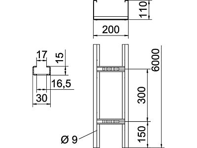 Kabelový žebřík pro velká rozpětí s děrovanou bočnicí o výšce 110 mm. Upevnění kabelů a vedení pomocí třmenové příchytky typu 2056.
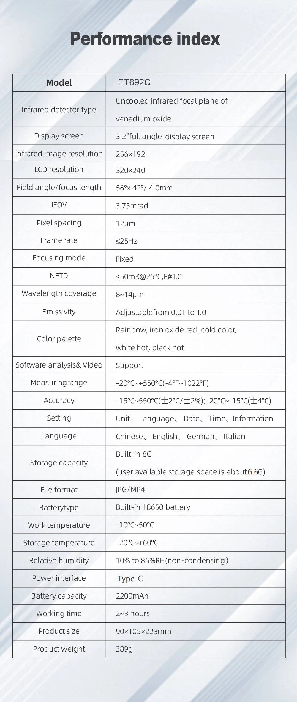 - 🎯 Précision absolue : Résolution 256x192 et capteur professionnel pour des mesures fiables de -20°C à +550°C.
------
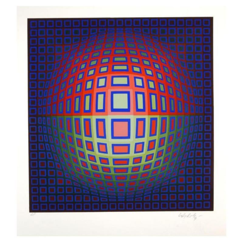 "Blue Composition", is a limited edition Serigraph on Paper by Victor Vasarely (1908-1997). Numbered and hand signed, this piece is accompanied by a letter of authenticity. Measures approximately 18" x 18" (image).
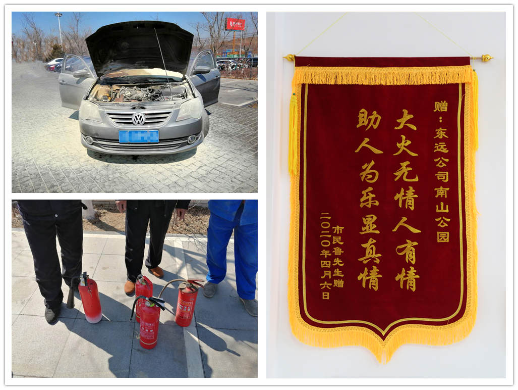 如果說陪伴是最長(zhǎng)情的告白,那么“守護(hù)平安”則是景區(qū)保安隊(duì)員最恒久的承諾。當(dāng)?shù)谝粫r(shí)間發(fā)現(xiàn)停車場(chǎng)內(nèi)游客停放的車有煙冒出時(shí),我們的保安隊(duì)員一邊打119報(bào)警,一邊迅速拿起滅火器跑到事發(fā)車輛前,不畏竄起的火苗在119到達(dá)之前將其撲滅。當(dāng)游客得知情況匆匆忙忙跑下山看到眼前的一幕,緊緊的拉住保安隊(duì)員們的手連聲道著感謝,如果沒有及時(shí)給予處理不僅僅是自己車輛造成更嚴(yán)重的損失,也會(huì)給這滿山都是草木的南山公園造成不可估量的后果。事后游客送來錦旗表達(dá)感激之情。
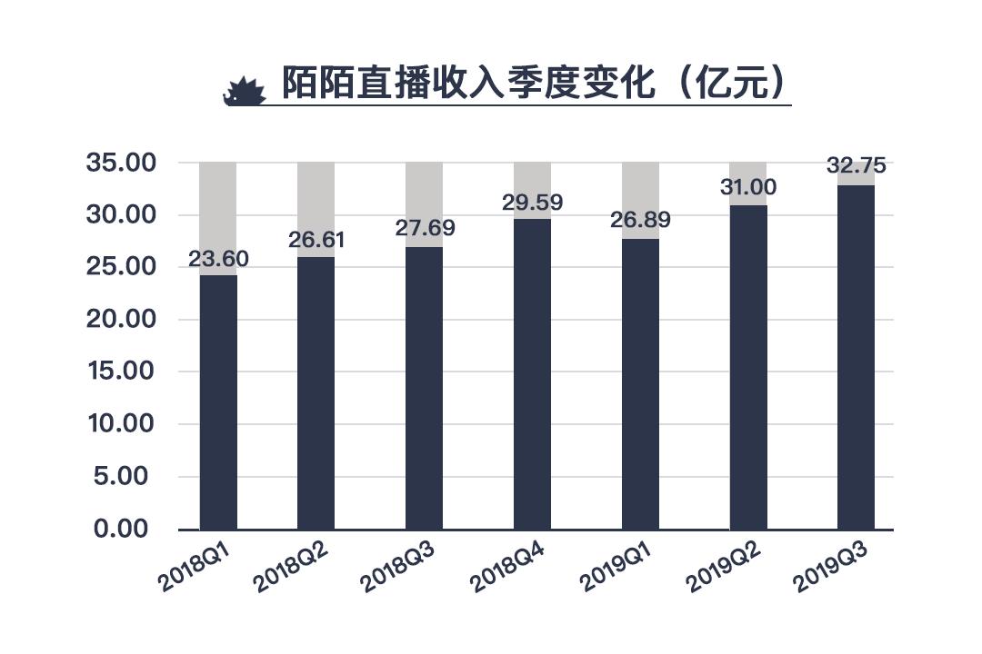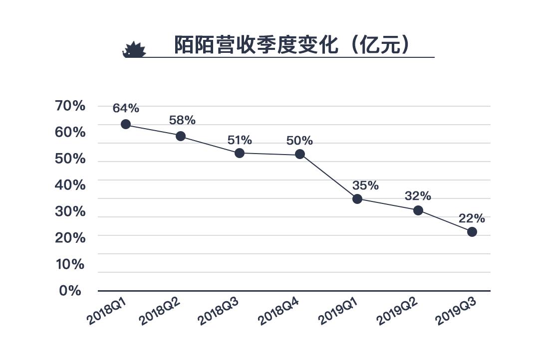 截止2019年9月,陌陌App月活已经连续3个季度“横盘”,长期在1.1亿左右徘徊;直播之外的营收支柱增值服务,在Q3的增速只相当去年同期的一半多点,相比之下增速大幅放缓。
------
» To do
The lines to set down run from the line with "is a limited" up to and including the line with "截止2019年9月,陌陌Ap" in the entries above. Reproduce them exactly, with no pictures.

» Solution for this problem
 "Blue Composition", is a limited edition Serigraph on Paper by Victor Vasarely (1908-1997). Numbered and hand signed, this piece is accompanied by a letter of authenticity. Measures approximately 18" x 18" (image).
 如果說陪伴是最長(zhǎng)情的告白,那么“守護(hù)平安”則是景區(qū)保安隊(duì)員最恒久的承諾。當(dāng)?shù)谝粫r(shí)間發(fā)現(xiàn)停車場(chǎng)內(nèi)游客停放的車有煙冒出時(shí),我們的保安隊(duì)員一邊打119報(bào)警,一邊迅速拿起滅火器跑到事發(fā)車輛前,不畏竄起的火苗在119到達(dá)之前將其撲滅。當(dāng)游客得知情況匆匆忙忙跑下山看到眼前的一幕,緊緊的拉住保安隊(duì)員們的手連聲道著感謝,如果沒有及時(shí)給予處理不僅僅是自己車輛造成更嚴(yán)重的損失,也會(huì)給這滿山都是草木的南山公園造成不可估量的后果。事后游客送來錦旗表達(dá)感激之情。
 截止2019年9月,陌陌App月活已经连续3个季度“横盘”,长期在1.1亿左右徘徊;直播之外的营收支柱增值服务,在Q3的增速只相当去年同期的一半多点,相比之下增速大幅放缓。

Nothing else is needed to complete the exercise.